= Beginning of Section =

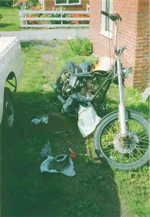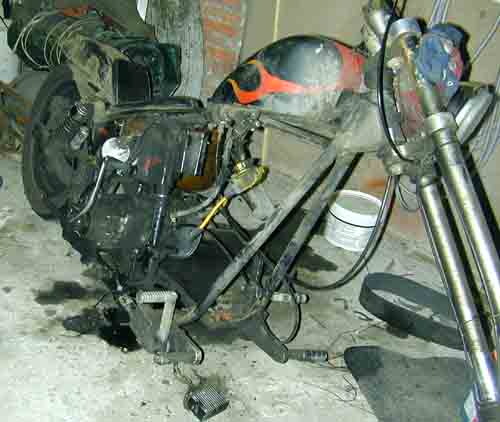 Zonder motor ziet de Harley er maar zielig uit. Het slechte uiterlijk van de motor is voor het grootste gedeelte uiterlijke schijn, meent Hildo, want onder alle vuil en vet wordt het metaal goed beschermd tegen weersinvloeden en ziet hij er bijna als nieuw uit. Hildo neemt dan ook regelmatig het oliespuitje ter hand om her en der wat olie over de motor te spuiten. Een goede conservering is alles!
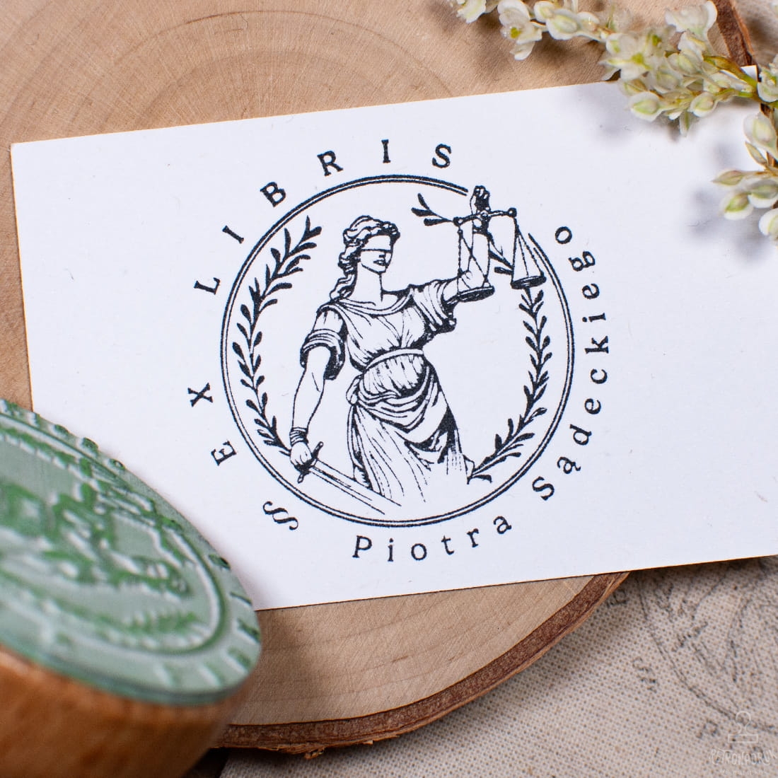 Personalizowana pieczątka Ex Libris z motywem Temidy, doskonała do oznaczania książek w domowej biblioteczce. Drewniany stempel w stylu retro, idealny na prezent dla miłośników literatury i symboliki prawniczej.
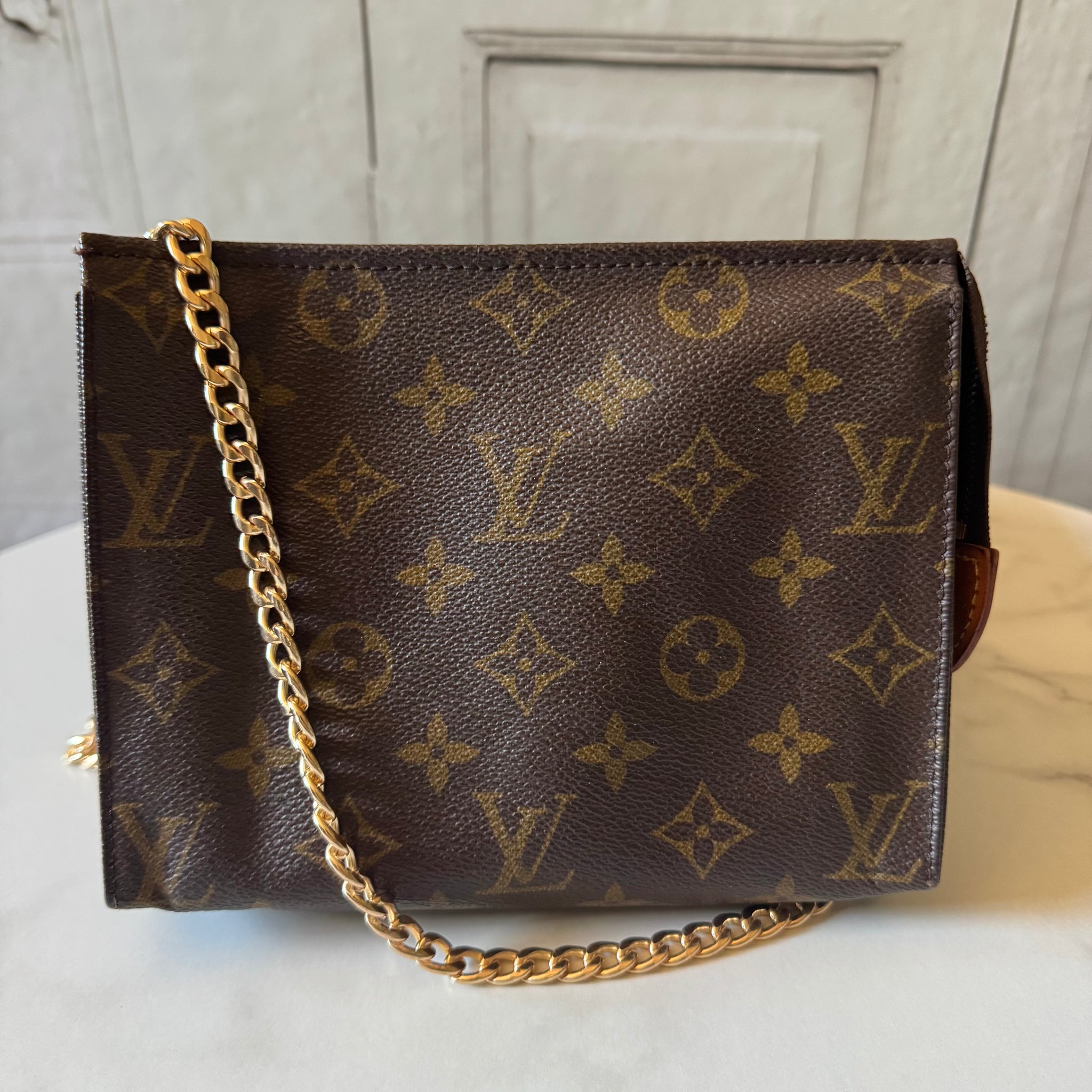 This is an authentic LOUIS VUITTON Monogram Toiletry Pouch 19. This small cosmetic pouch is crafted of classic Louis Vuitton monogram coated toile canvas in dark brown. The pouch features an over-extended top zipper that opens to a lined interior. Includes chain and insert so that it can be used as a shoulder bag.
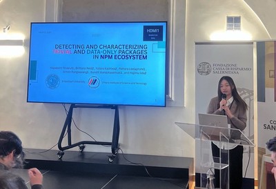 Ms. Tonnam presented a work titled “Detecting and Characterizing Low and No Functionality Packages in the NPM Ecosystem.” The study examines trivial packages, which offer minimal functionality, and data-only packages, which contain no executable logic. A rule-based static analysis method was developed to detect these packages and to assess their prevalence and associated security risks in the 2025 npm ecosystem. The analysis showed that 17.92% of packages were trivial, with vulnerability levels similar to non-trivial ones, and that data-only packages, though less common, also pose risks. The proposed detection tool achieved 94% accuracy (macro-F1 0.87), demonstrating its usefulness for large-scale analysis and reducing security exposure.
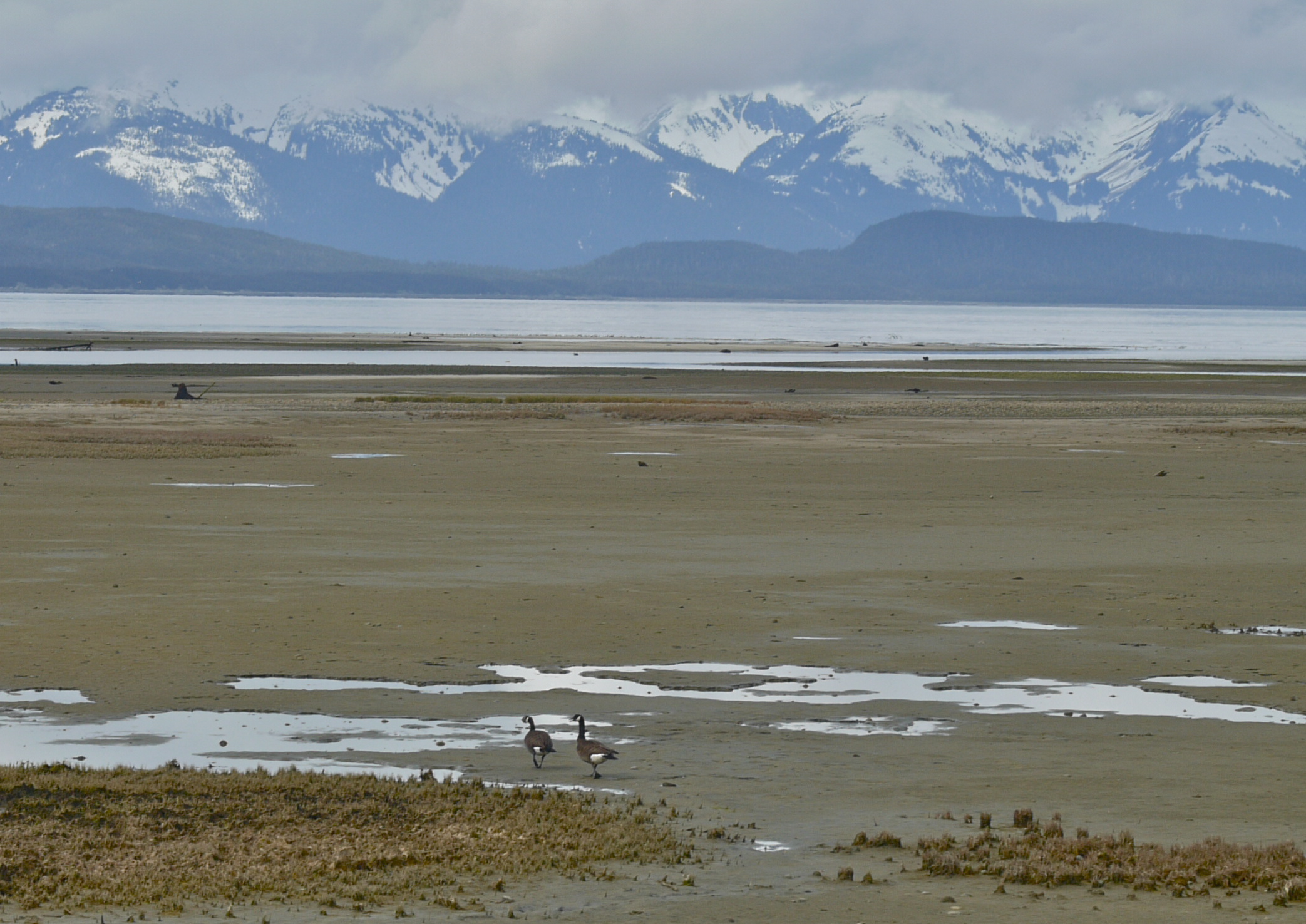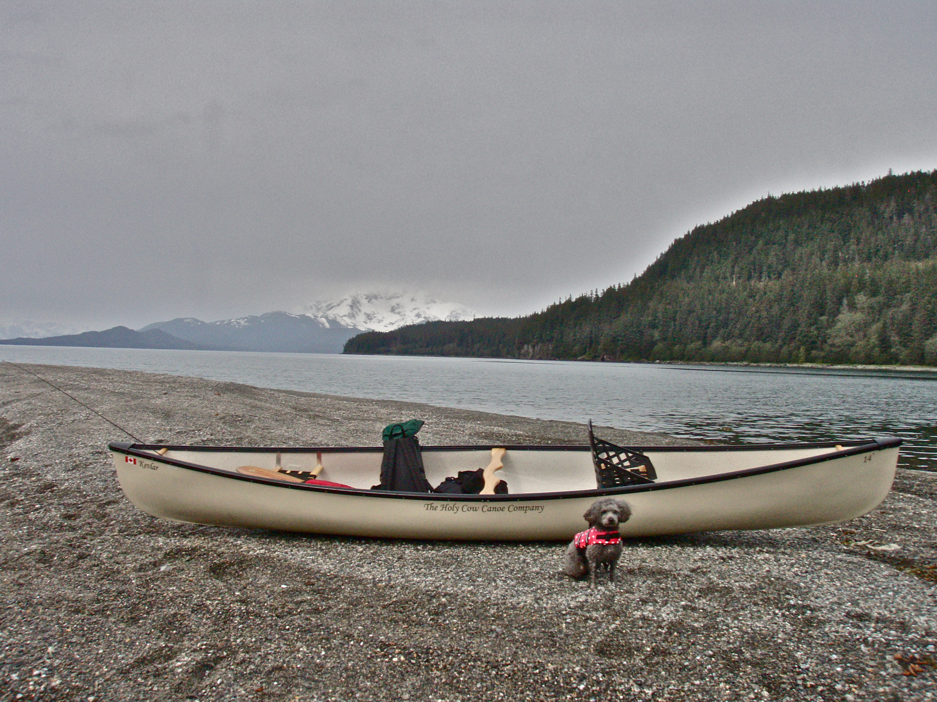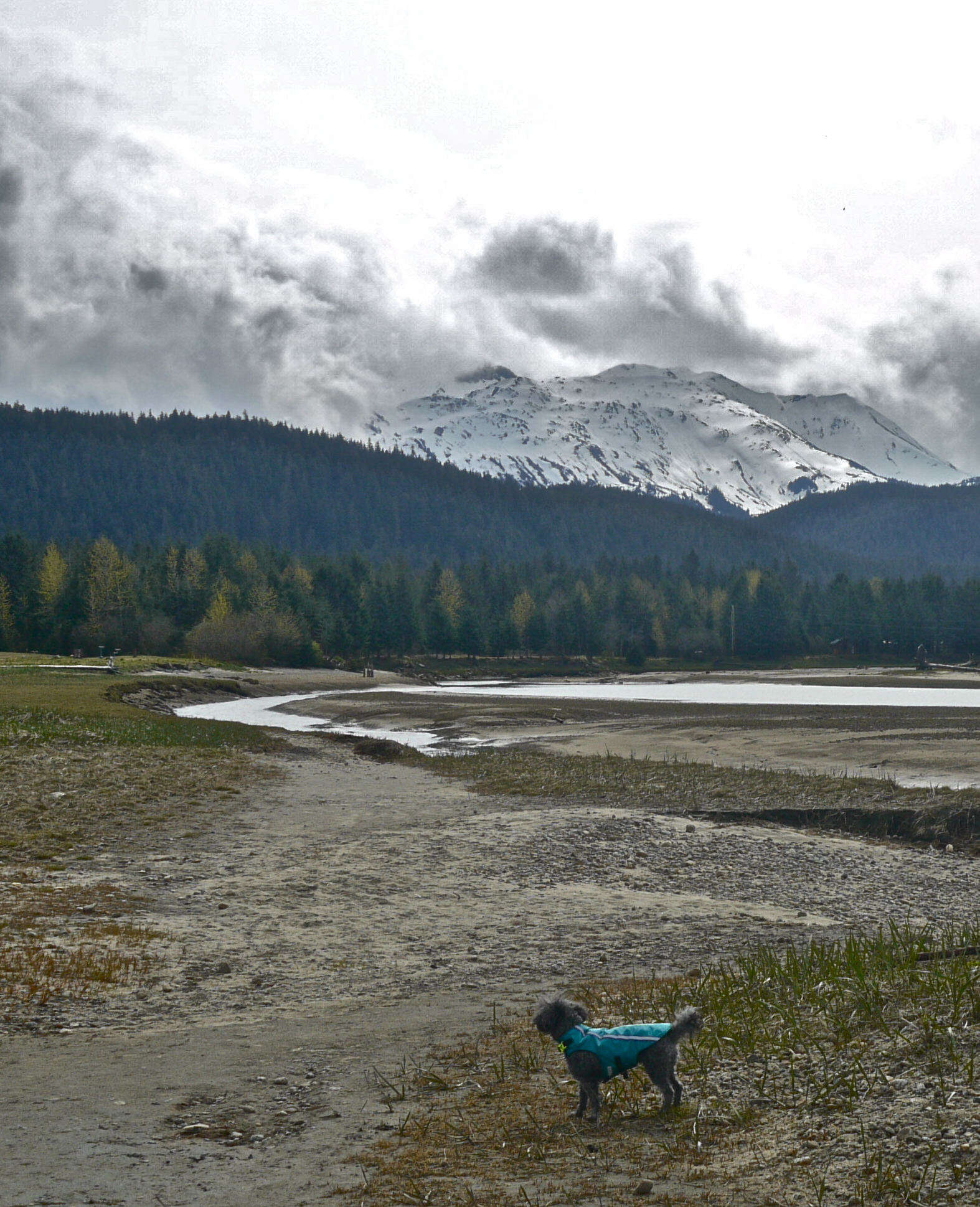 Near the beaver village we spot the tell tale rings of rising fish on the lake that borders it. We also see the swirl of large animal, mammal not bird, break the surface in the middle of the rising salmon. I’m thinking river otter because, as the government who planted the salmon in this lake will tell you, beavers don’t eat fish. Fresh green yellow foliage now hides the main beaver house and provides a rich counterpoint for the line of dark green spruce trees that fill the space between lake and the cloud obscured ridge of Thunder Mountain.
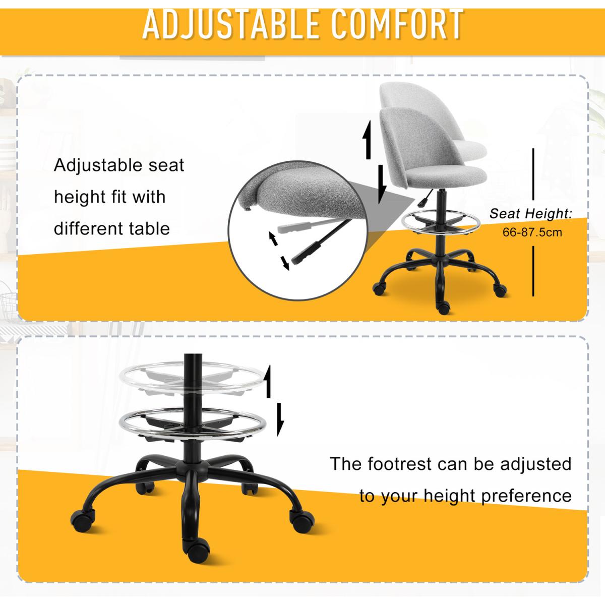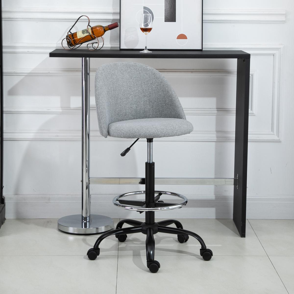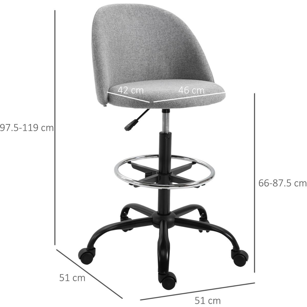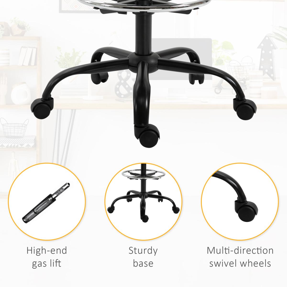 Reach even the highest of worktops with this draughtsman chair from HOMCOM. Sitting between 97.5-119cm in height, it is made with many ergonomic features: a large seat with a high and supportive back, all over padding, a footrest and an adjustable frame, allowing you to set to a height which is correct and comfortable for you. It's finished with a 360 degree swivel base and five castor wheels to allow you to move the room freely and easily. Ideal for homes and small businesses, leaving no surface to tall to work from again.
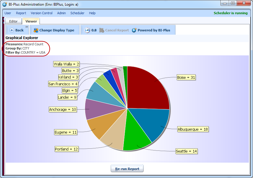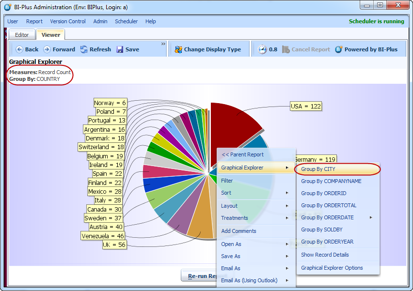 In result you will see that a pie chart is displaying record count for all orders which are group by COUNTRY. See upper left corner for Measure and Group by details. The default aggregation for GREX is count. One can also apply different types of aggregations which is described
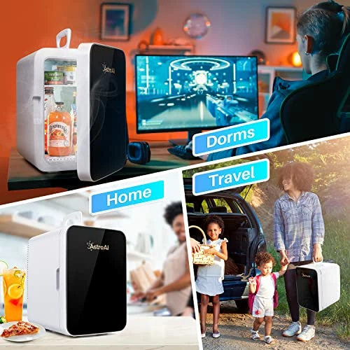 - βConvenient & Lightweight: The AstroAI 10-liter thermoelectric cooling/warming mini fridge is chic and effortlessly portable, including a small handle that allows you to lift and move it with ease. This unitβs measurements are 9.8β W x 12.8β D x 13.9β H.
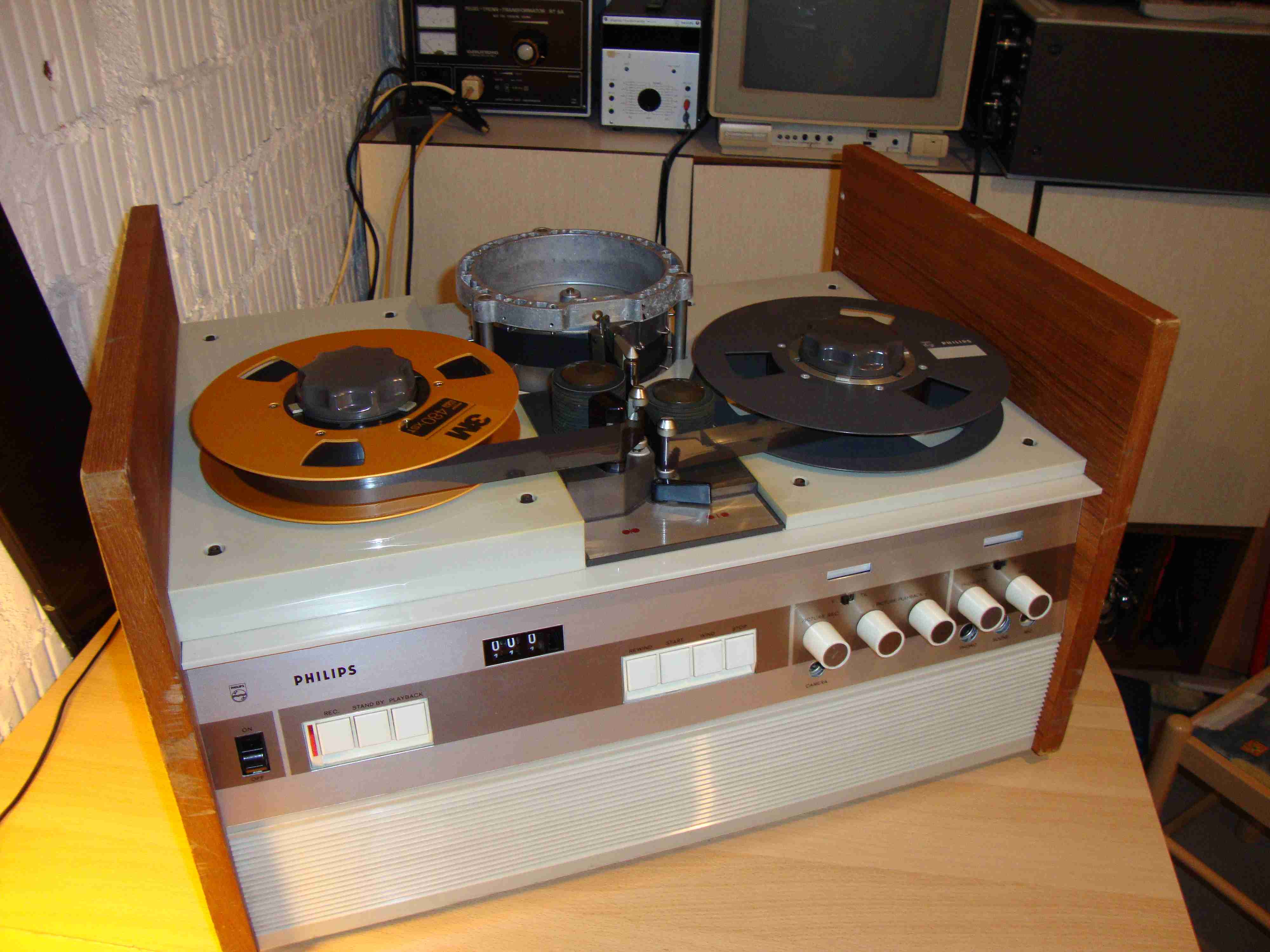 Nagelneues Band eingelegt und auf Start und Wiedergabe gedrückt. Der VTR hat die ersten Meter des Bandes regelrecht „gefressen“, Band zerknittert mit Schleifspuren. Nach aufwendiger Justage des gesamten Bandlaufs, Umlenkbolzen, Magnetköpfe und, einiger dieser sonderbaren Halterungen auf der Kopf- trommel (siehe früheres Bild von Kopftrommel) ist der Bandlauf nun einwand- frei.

= End of Section =

● What is expected
The full listing, transcribed exactly and without its pictures, is the expected result.

● Finished task
 Zonder motor ziet de Harley er maar zielig uit. Het slechte uiterlijk van de motor is voor het grootste gedeelte uiterlijke schijn, meent Hildo, want onder alle vuil en vet wordt het metaal goed beschermd tegen weersinvloeden en ziet hij er bijna als nieuw uit. Hildo neemt dan ook regelmatig het oliespuitje ter hand om her en der wat olie over de motor te spuiten. Een goede conservering is alles!
 Personalizowana pieczątka Ex Libris z motywem Temidy, doskonała do oznaczania książek w domowej biblioteczce. Drewniany stempel w stylu retro, idealny na prezent dla miłośników literatury i symboliki prawniczej.
 This is an authentic LOUIS VUITTON Monogram Toiletry Pouch 19. This small cosmetic pouch is crafted of classic Louis Vuitton monogram coated toile canvas in dark brown. The pouch features an over-extended top zipper that opens to a lined interior. Includes chain and insert so that it can be used as a shoulder bag.
 Ms. Tonnam presented a work titled “Detecting and Characterizing Low and No Functionality Packages in the NPM Ecosystem.” The study examines trivial packages, which offer minimal functionality, and data-only packages, which contain no executable logic. A rule-based static analysis method was developed to detect these packages and to assess their prevalence and associated security risks in the 2025 npm ecosystem. The analysis showed that 17.92% of packages were trivial, with vulnerability levels similar to non-trivial ones, and that data-only packages, though less common, also pose risks. The proposed detection tool achieved 94% accuracy (macro-F1 0.87), demonstrating its usefulness for large-scale analysis and reducing security exposure.
 Near the beaver village we spot the tell tale rings of rising fish on the lake that borders it. We also see the swirl of large animal, mammal not bird, break the surface in the middle of the rising salmon. I’m thinking river otter because, as the government who planted the salmon in this lake will tell you, beavers don’t eat fish. Fresh green yellow foliage now hides the main beaver house and provides a rich counterpoint for the line of dark green spruce trees that fill the space between lake and the cloud obscured ridge of Thunder Mountain.
 Reach even the highest of worktops with this draughtsman chair from HOMCOM. Sitting between 97.5-119cm in height, it is made with many ergonomic features: a large seat with a high and supportive back, all over padding, a footrest and an adjustable frame, allowing you to set to a height which is correct and comfortable for you. It's finished with a 360 degree swivel base and five castor wheels to allow you to move the room freely and easily. Ideal for homes and small businesses, leaving no surface to tall to work from again.
 In result you will see that a pie chart is displaying record count for all orders which are group by COUNTRY. See upper left corner for Measure and Group by details. The default aggregation for GREX is count. One can also apply different types of aggregations which is described
 - βConvenient & Lightweight: The AstroAI 10-liter thermoelectric cooling/warming mini fridge is chic and effortlessly portable, including a small handle that allows you to lift and move it with ease. This unitβs measurements are 9.8β W x 12.8β D x 13.9β H.
 Nagelneues Band eingelegt und auf Start und Wiedergabe gedrückt. Der VTR hat die ersten Meter des Bandes regelrecht „gefressen“, Band zerknittert mit Schleifspuren. Nach aufwendiger Justage des gesamten Bandlaufs, Umlenkbolzen, Magnetköpfe und, einiger dieser sonderbaren Halterungen auf der Kopf- trommel (siehe früheres Bild von Kopftrommel) ist der Bandlauf nun einwand- frei.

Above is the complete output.